Hollingsworth, a passionate writer, performer, arts educator and arts administrator, has a decade's worth of experience and an established track record of success.
The Wallis Annenberg Center for the Performing Arts (The Wallis), the leading arts cultural center in Beverly Hills, has announced Imani C. Hollingsworth to serve as the organization's new Director of Education. She will lead the established and esteemed GRoW @ The Wallis: A Space for Arts Education, and joins a team headed by Executive Director & CEO of The Wallis, Robert van Leer.
Hollingsworth, a passionate writer, performer, arts educator and arts administrator, has a decade's worth of experience and an established track record of success in arts education, leading programs for concert venues, museums, library, education nonprofits, and school districts.
Hollingsworth's arts education career began as a hands-on teaching artist who regularly visited middle and high schools throughout the San Francisco Bay Area to teach spoken word poetry. Since then, Imani has taught hundreds of elementary, middle and high school students across the country and developed educational programming and teaching artist trainings for dozens of arts education nonprofits, including YouthSpeaks and SFJAZZ in San Francisco and Split This Rock in Washington D.C.
Hollingsworth's expertise in adult education led to teaching a variety of classes with Brooklyn Poets, and Grubstreet (Boston), and programming at a number of universities, museums and writing centers including Georgetown, American University, the Museum of African Diaspora (MoAD) in San Francisco and the Smithsonian's National Museum of African American History and Culture (NMAAHC) in Washington, D.C.
GRoW @ The Wallis, an umbrella for the robust slate of education, community, and outreach programs offered by The Wallis Annenberg Center for the Performing Arts, is committed to sharing the arts with learners of all ages, backgrounds, and abilities.
GRoW supports lifelong learning and reflects the full breadth of the Los Angeles community, from partnerships with some of the most under-resourced pre-K-12 schools in the region, to helping older adults bring their personal stories to life. Using the power of the arts, GRoW addresses important social issues and responds to critical community needs, sparks creativity, and creates community connections across demographics.
GRoW programming includes special student matinee performances at The Wallis, in-school arts education, masterclasses for early career artists in theater and dance, regular free and interactive arts programming for families, and courses in creative writing, dance and movement, and theater for older adults.
van Leer said, “Imani has a passion to bringing the arts to students of all ages. She brings a wealth of diverse experience to The Wallis – as a teacher of elementary, middle and high school students, and developing teaching artist programs from dozens of arts education non-profits. She has a proven track record of overseeing organizational budgets, raising funds, and producing events for communities to gather around the arts – and has a truly holistic understanding of the nuances of effective, sustainable arts education programming.”
Hollingsworth said, “I am thrilled to join a dynamic, passionate organization such as The Wallis and am delighted at the opportunity to interact with audiences of all abilities, ages and interests.
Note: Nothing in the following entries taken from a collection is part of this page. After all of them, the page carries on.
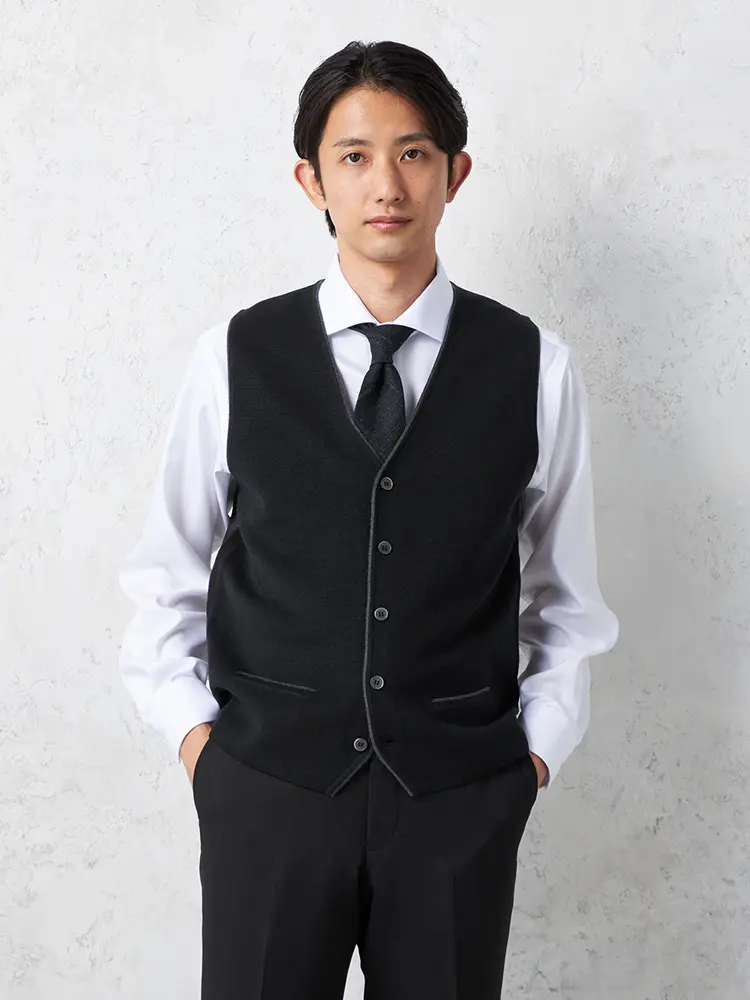 ニット地と中わた素材を組み合わせた上品なベストです。
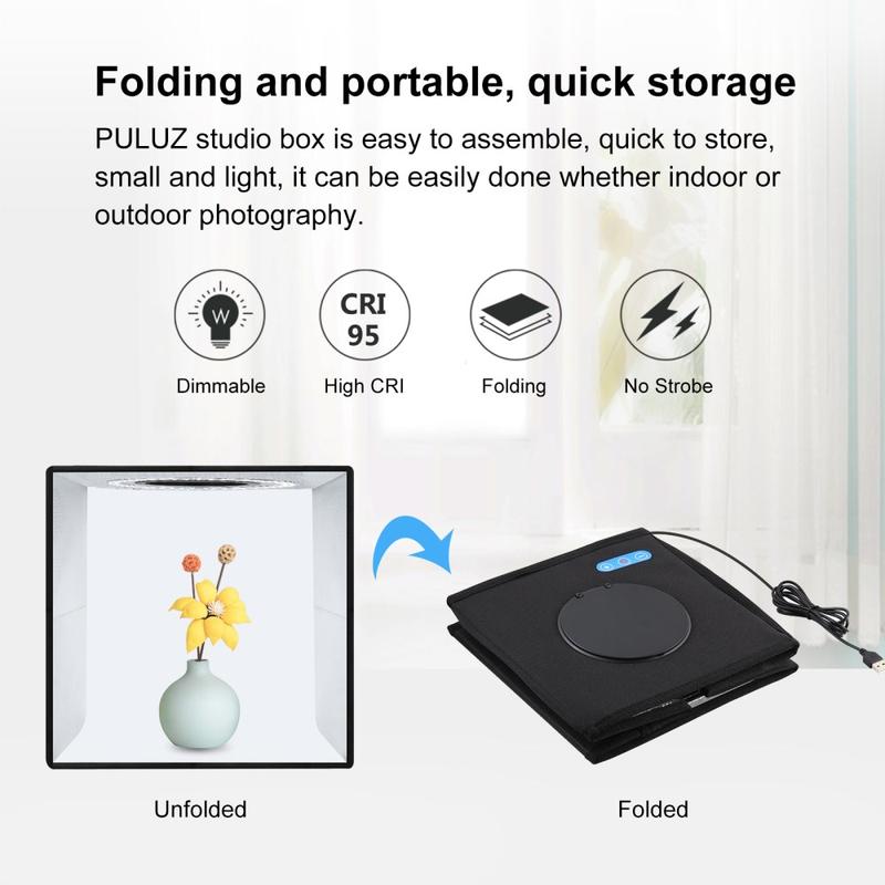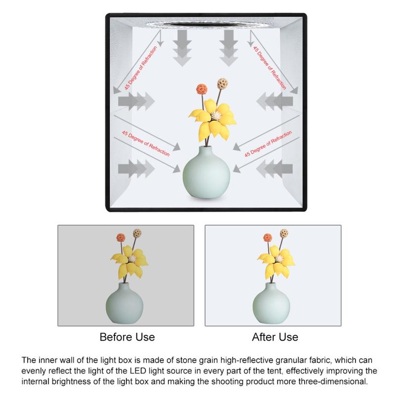 Den er nem at samle (tager kun tre sekunder at samle og bruge), og du kan folde denne LED-lyskasse ud og placere den på en hvilken som helst overflade for at få en god baggrund til kommerciel fotografering af små genstande og tage billeder af produktet.
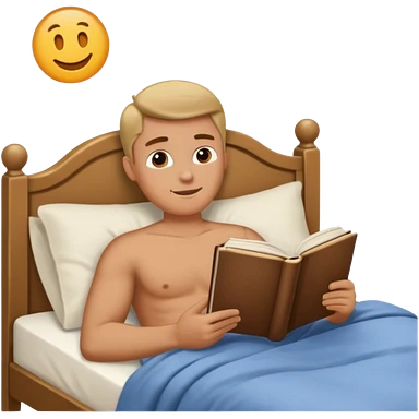 Man laying in bed reading a book emoji
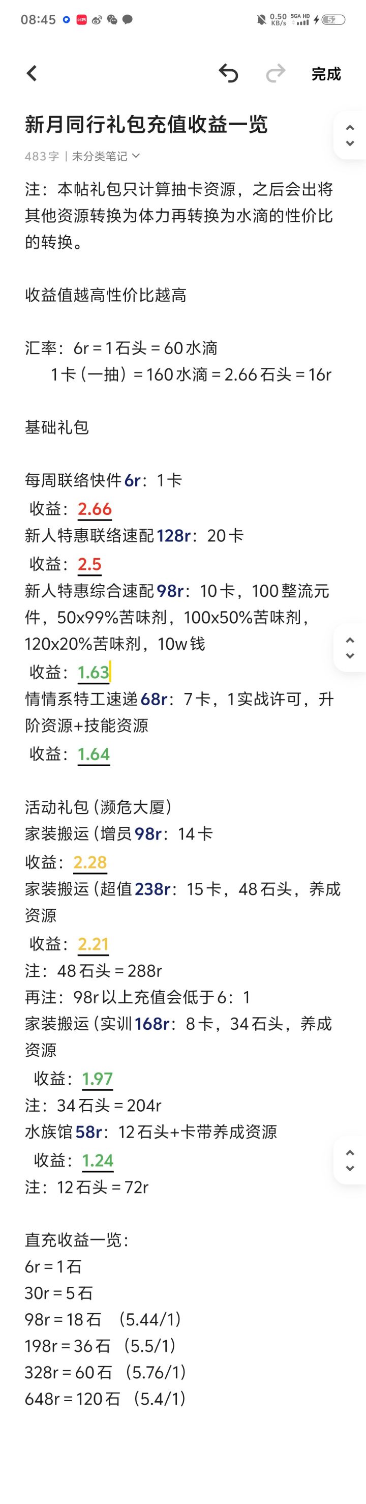 当前数据只计算抽卡价值红色最高绿色最低ps:月卡30r=3000水滴=18.75抽,性价比最高

The arts education programming we provide at The Wallis is crucial to developing well rounded, complex members of the community, and our team is committed to supporting people of all backgrounds in leading a lifetime of engagement with the performing arts. I look forward to applying my experiences with our resources – both large and small – to facilitate a variety of opportunities for all to interact with and explore their own creativity.”
From 2016 to 2020, Imani C. Hollingsworth held various positions at SFJAZZ including Community Outreach Director and Teaching Artist Manager. For SFJAZZ Education, she acquired a $3 million dollar grant from the Stupski foundation and subsequently managed the budget, programmatic plans, execution, evaluation and reporting, which led to its renewal three years later.
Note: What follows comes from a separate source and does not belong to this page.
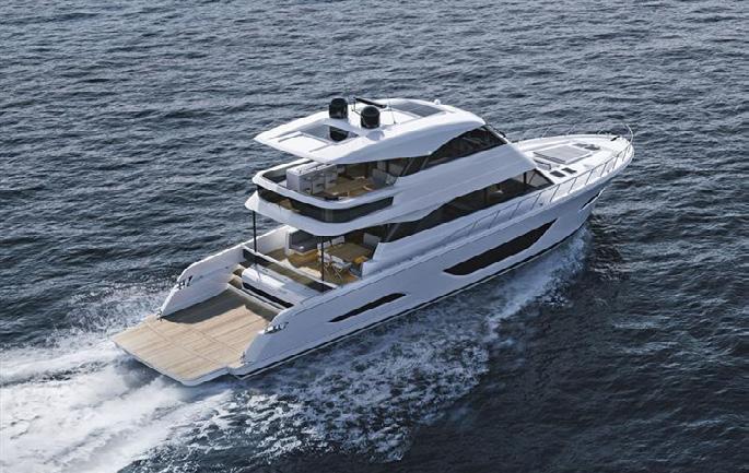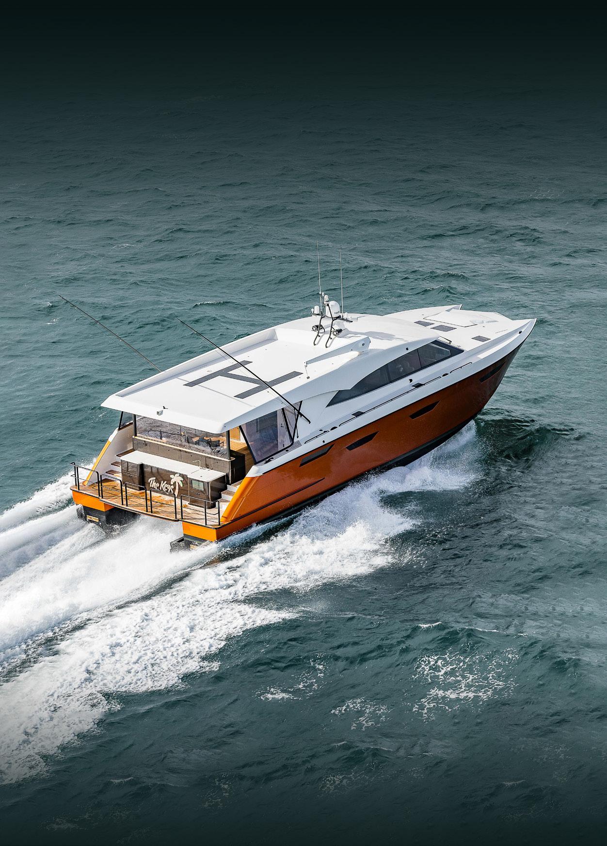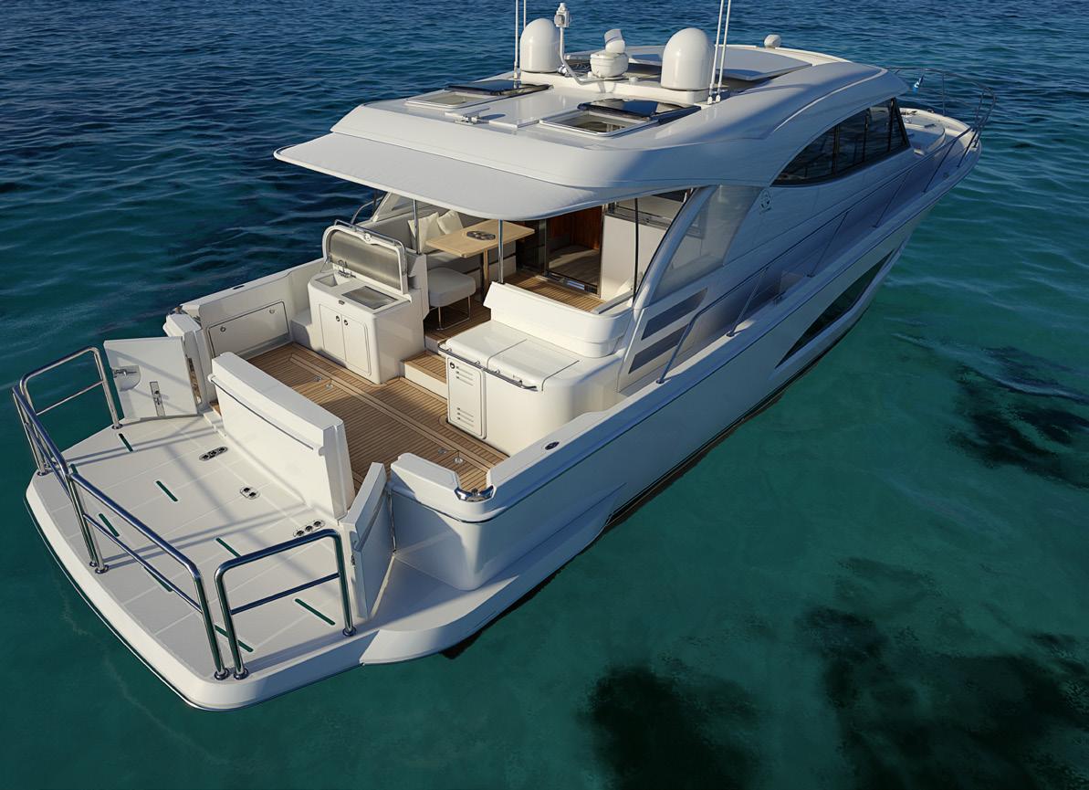 The all new M60 flybridge motor yacht combines a stunningly balanced exterior profile, with an immensity of cockpit deck, and adventure deck space with the ability to cater to a vast range of entertaining, relaxation, or adventuring activities. Australian built, its powerful exterior form and reimagined entertainment areas reset the international standard for cruising flybridge motor yachts. maritimo.com.au

In 2019, Hollingsworth was awarded the Writers Corp Teaching Artist in Residence (WCTAIR) grant by the San Francisco Arts Commission: a $120,000 award, disbursed over three years, to develop spoken word programming for high schoolers in collaboration with the SF Boys and Girls Club. In 2022 she was appointed to the board of Performing Arts Workshop in San Francisco and in 2023 was appointed The Hurston/Wright Foundation's Writer in Residence, a $15,000 award that provides published Black writers with dedicated funding to focus on their individual writing projects.
As a Consultant, Hollingsworth's passion for Diversity, Equity and Inclusion, especially as it relates to teacher-student interaction and the ways that Black and brown students are uniquely impacted by the institution, has led her to develop and facilitate professional development trainings and produce teaching materials on unconscious and implicit bias in the workplace and in the classroom. Imani's experience overseeing arts education programming from conception to design to implementation, has made her an invaluable leader and advocate for arts in education.
Hollingsworth holds a degree in Africana Studies from San Francisco State University.